Maria Damaso's 13-year-old son Anthony has a severe allergy to peanuts, so his mom wanted to accompany him on his first overnight field trip. But when the teachers invited her to join them after the kids were asleep, they were drinking alcohol and eating from a can of almonds. "Cross-contamination" due to the almonds appears to be her biggest concern.

This - as well as a call for Air Canada to create nut-free 'buffer zones' for passengers - has reignited the sensitive allergy issue.

Parents and teachers out there, what do you think? Was their almond-eating really dangerous?

End of an era: We said goodbye to two TV family icons this week. First, Barbara Billingsley, who debuted as June Cleaver in Leave it to Beaver in 1957. And now Tom Bosley, of Howard Cunningham 1970s Happy Days fame is gone.

Let the nostalgia begin, not for the idealized 50s worlds that both shows portrayed, but for a quaint, pre-irony era in which viewers saw a version of what the average parent was supposed to be.
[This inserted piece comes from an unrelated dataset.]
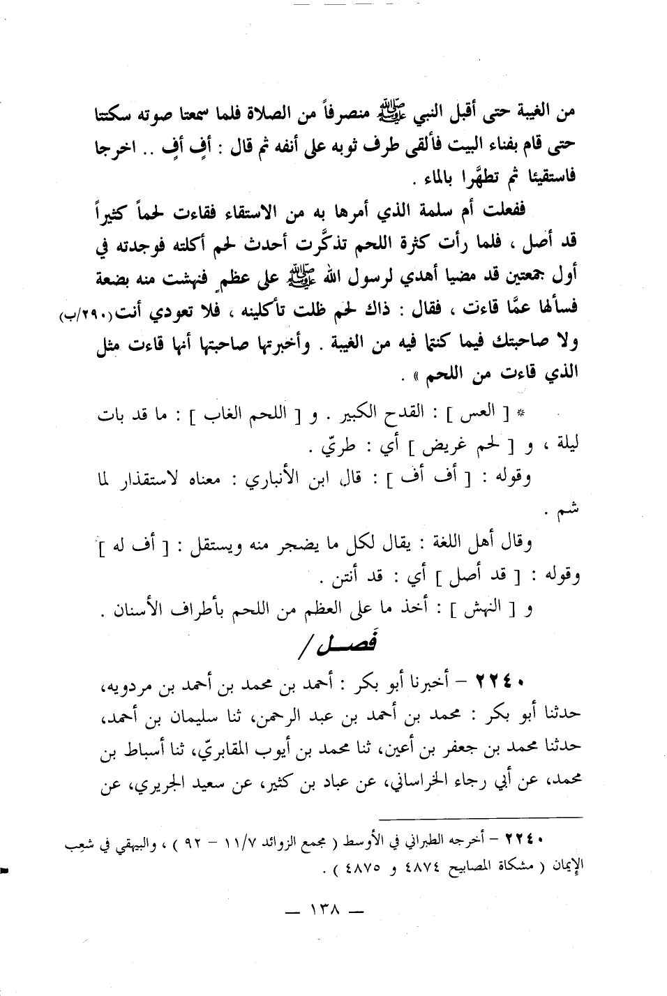 2240- أخبرنا أبو بكر: أحمد بن محمد بن أحمد بن مردويه، حدثنا أبو بكر: محمد بن أحمد بن عبد الرحمن، ثنا سليمان بن أحمد، حدثنا محمد بن جعفر بن أعين، ثنا محمد بن أيوب المقابري، ثنا أسباط بن محمد، عن أبي رجاء الخراساني، عن عباد بن كثير، عن سعيد الجريري، عن -[139]- أبي نضرة، عن جابر وأبي سعيد الخدري –رضي الله عنهما- قال: قال رسول الله صلى الله عليه وسلم: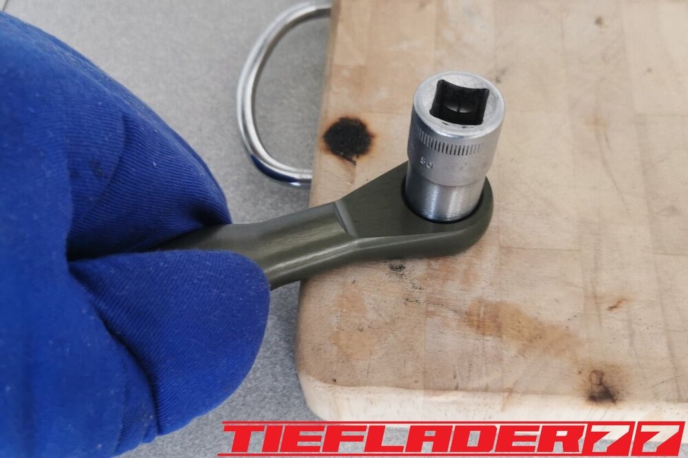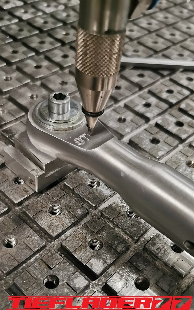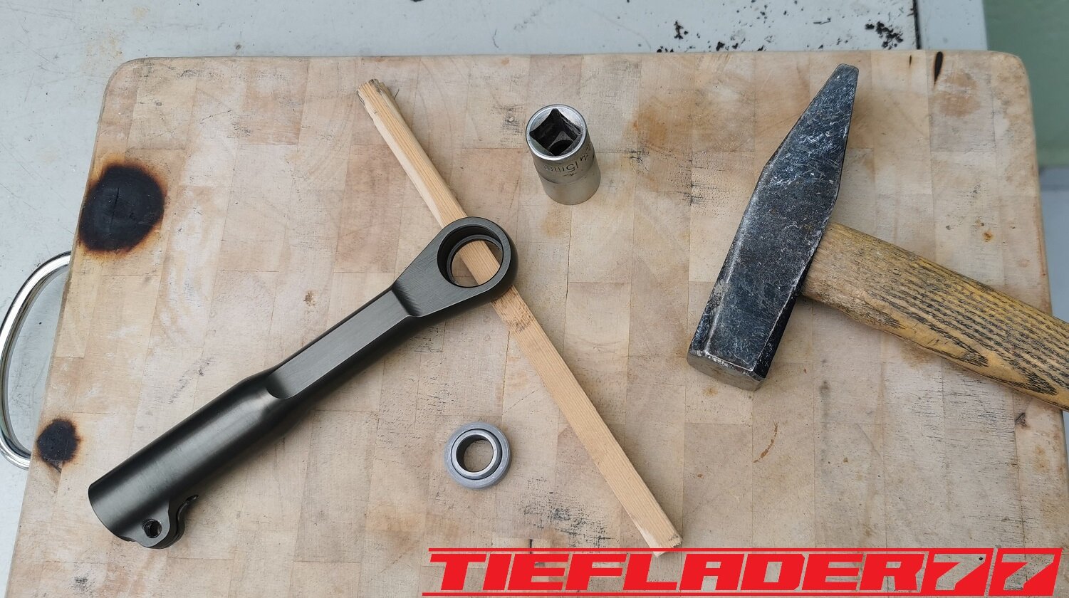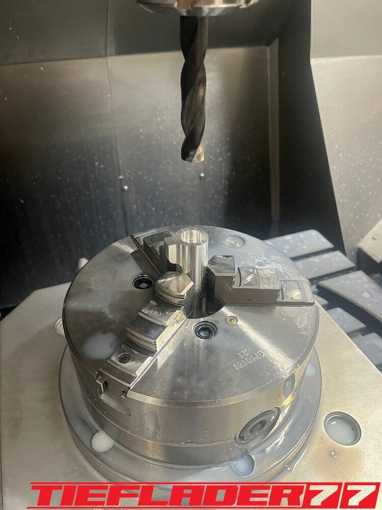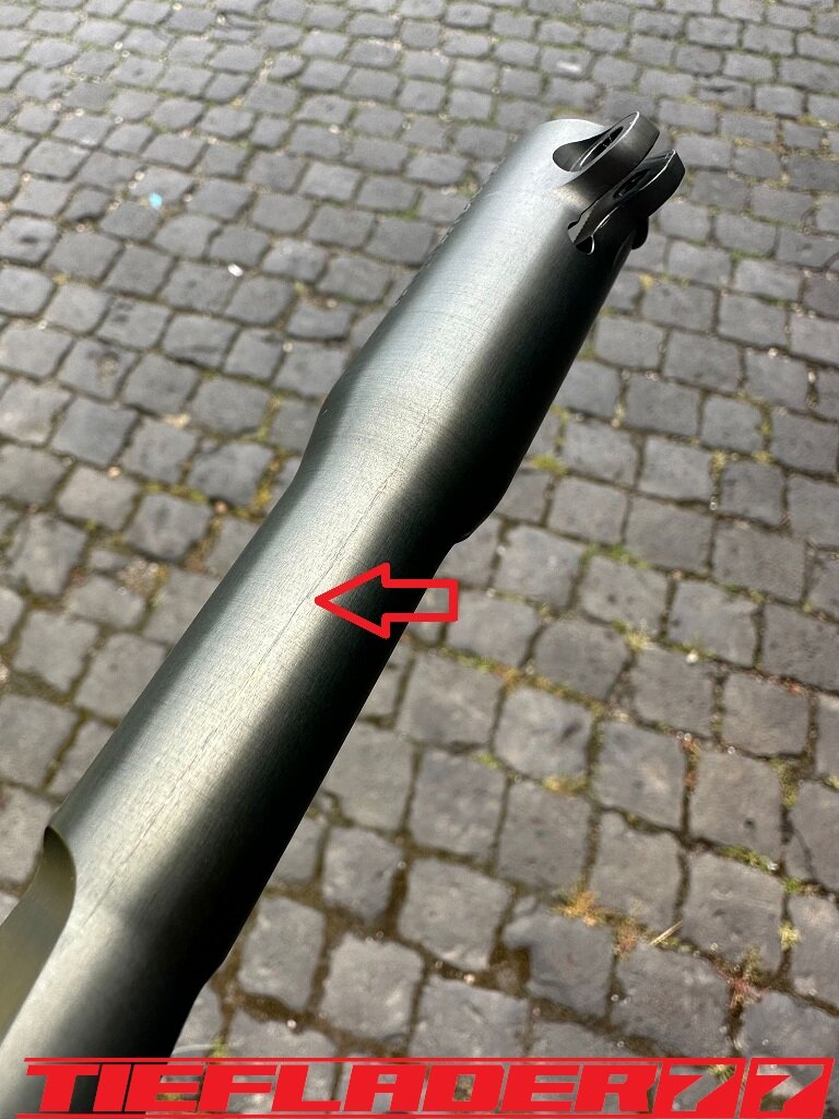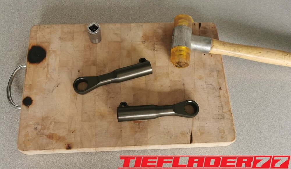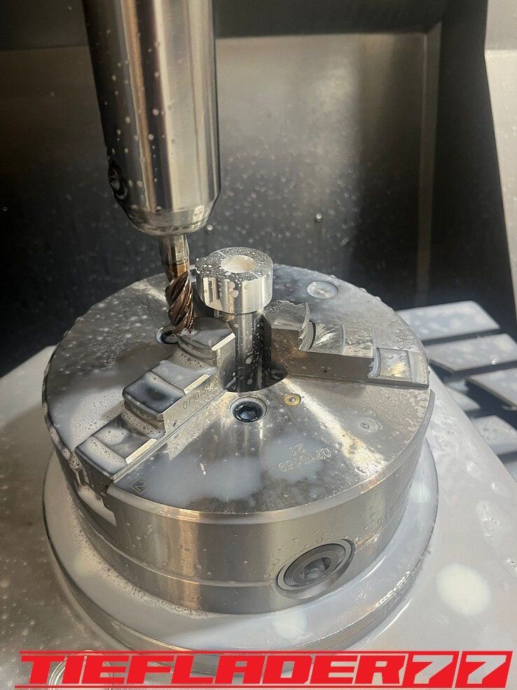 Der nun 3te Versuch war nicht weniger Nervenaufreibend.... Man lernt halt nie aus... Also alles von vorne. Material besorgen. Einspannen, fräsen....geht beim 3ten mal schon viel schneller.(Ironie off) Als die Schubstrebe vom eloxieren zurückkam, habe ich die Lager eingepresst. Bisher hatte ich immer die Lager ins Eisfach gelegt und die Aluteile in den vorgeheizten Backofen gelegt, damit die Lager besser hineingehen. Nun ja, nach dem Einpressen der Lager fühlte sich die Oberfläche etwas rau an. Bei näherem Hinsehen war ich sehr erstaunt, das die Eloxalschicht etwas abblätterte. Ich habe einen tollen Temperaturschaden produziert. Mein Eloxierer fragte auf wie viel Grad das ganze geheizt wurde, da Eloxal bei ca. 120° zerstört wird. Harteloxal kann etwas mehr Temperatur vertragen... Mit dieser neuen Erkenntnis hätte ich schon fast das Projekt hingeschmissen.🤮 Mein Eloxierer sah es eher skeptisch, die Schubstrebe nochmal hinzubekommen. Trotzdem wollte ich das ganze versuchen.🤷♂️ Wir haben dann das ganze enteloxiert und ich habe versucht, das ganze aufzuarbeiten. Man konnte den Schaden an der Oberfläche gut erkennen. Ich habe das ganze mal Gleitgeschliffen und dann noch weiter aufpoliert. Das sah schon wieder gut aus. Gleichzeitig habe ich die Schubstrebe für den TÜV graviert, da dieser eine Bezeichnung sehen wollte. Erst einspannen, vermessen und dann gravieren. Das ganze sah schon richtig gut aus. Hier ein Video davon. VID_20240127_190943.mp4 Nach dem eloxieren dann die positive Überraschung. Der Aufwand hatte sich gelohnt. Das Neu eloxieren hatte geklappt und nun wurde das Lager ohne Temperatur neu eingepresst. Die Titanteile habe ich alle noch in Bronze light anodisiert. Ich hab es selbst nicht mehr geglaubt, aber alle guten Dinge sind 3. Nach der letzten Hürde war nun die Schubstrebe endlich fertig geworden. Natürlich kam wieder ein Gewichtsvergleich. OEM Schubstrebe 336 gr. Tieflader Schubstrebe 280 gr. ------------------------------------- Ersparnis 56 gr. Satte 56 gr. konnte ich trotz mehrteiliger Schubstrebe einsparen.🤩 Chapeau, Prost

Maybe Seinfeld was the turning point, but now, we have ironic, arch and dysfunctional Modern Familys or Arrested Developments leading the way.

We can't go back, but let's raise a coffee cup to the passing of an era.

Booze and the brain: A new study gets at the gene for alcoholism - and it has something to do with how fast you feel drunk.

About 10 to 20 per cent of the population carry a version of the gene that makes their brains especially sensitive to alcohol. Scientists have identified a gene that has a "big, big effect" on how people respond to alcohol, Kirk Wilhelmsen told USA Today. He's the senior author of a paper posted Tuesday by the journal Alcoholism: Clinical and Experimental Research.

The finding, Wilhelmsen says, "potentially changes the paradigm about how we think about how alcohol affects the brain." While the finding doesn't yet have any treatment application, he says, "my expectation is this is actually going to lead somewhere."